Наконец проэкт кончен. С. С. Лашкарев придавал такое значение этому труду, что говорил многим: “мне учредить бы только акционерное общество и я умру спокойно”. В мае 1869 года Лашкарев опять пригласил сочувствующих учреждению акционерного общества торгового флота; собрались уже не семьдесят, а только человек пятнадцать. Некоторые предлагали подвергнуть проэкт рассмотрению в сентябре, но одни из членов коммиссии сказал, что если проэкт будет рассматриваться так же, как он составлялся, то есть, в одно заседание придут одни лица, а в другое — другие, то для этого нужно несколько лет. И потому он отказывается от всякого участия. Тем дело и решилось. Проэкт подписали только следующие лица: С. С. Лашкарев, А. П. Гутман, Ф. Д. Студитский и М. К. Сидоров. С. С. Лашкарев представил его на рассмотрение в мае 1869 года в Министерство Финансов — и 1 июня он умер скоропостижно. После шести недель, бумаги покойного по этому делу отправлены были к А. А. Гутману, как к второму лицу, подписавшемуся под проэктом. В сентябре А. П. Гутман собрал членов коммиссии и объявил, что решено отправить проэкт на рассмотрение в Министерство Внутренних Дел и Военное; в Морское же Министерство он был представлен и оно выразило большое сочувствие к идее, но сделало много замечаний. Собравшиеся лица поручили А. П. Гутману ходатайствовать об утверждении устава акционерного общества.

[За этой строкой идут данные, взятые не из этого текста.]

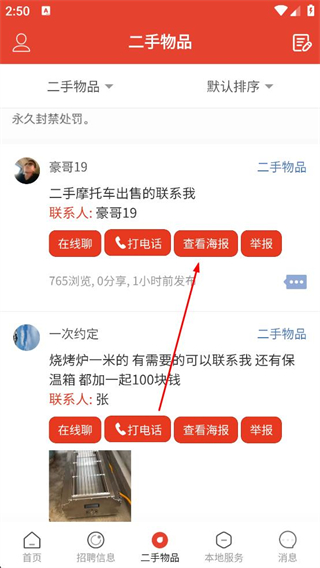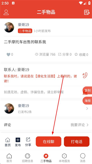 4、點擊進入其詳情頁面,可點擊在線聊按鈕與發布者溝通,也能選擇打電話直接聯系,還能進行評論或分享該物品信息給其他用戶。

Ходатайствует ли он об этом — неизвестно; по крайней мере другие учредители не получили об этом никакого известия.

Так дело дальше разговоров и “выработки устава” и не [91] пошло, не смотря на то, что это было время всяческих “концессий” и “обществ”.

Но, ведь, были же осуществлены какие-нибудь из этих начинаний?

Да, были.

Тот же Сидоров, не жалея средств и времени, старался завести у нас и китоловную компанию, и связать Сибирь морским путем с Европой и пр. и пр. и все его благие начинания, вследствие нашей косности, разбивались в самом начале или, просуществовав немного, прекращались.

Что же тому за причина?

Чтобы ответить на этот вопрос, посмотрим, что делается по части промыслов у нас на Мурмане в настоящее время, заметив, что, хотя интерес к морю и морскому делу и растет за последнее время, можно сказать, не по дням, а по часам, но этот его рост кажется нам не совсем нормальным, и вот почему. Когда то или иное общественное явление действительно достигло такой стадии своего развития, что начинает интересовать всех и требовать скорейшего разрешения связанных с ним вопросов, то интерес этот не идет скачками, вопросы эти не решаются с плеча, а составляют предмет глубокого и всестороннего изучения. Если же с данными общественным явлением все вдруг начинают носиться, все вдруг начинают сыпать специальными терминами, относящимися до этого явления и, подчас, дальше терминов не идут, — то это значит, что просто настала мода такая, как наставала мода на Буланже, на Гарибальди, на братушек, хотя большинтсву не было решительно никакого дела до того, кто восторжествует, Гарибальди или Австрийцы, Буланже или оппортунисты. Так и с морским делом и связанными с ним вопросами.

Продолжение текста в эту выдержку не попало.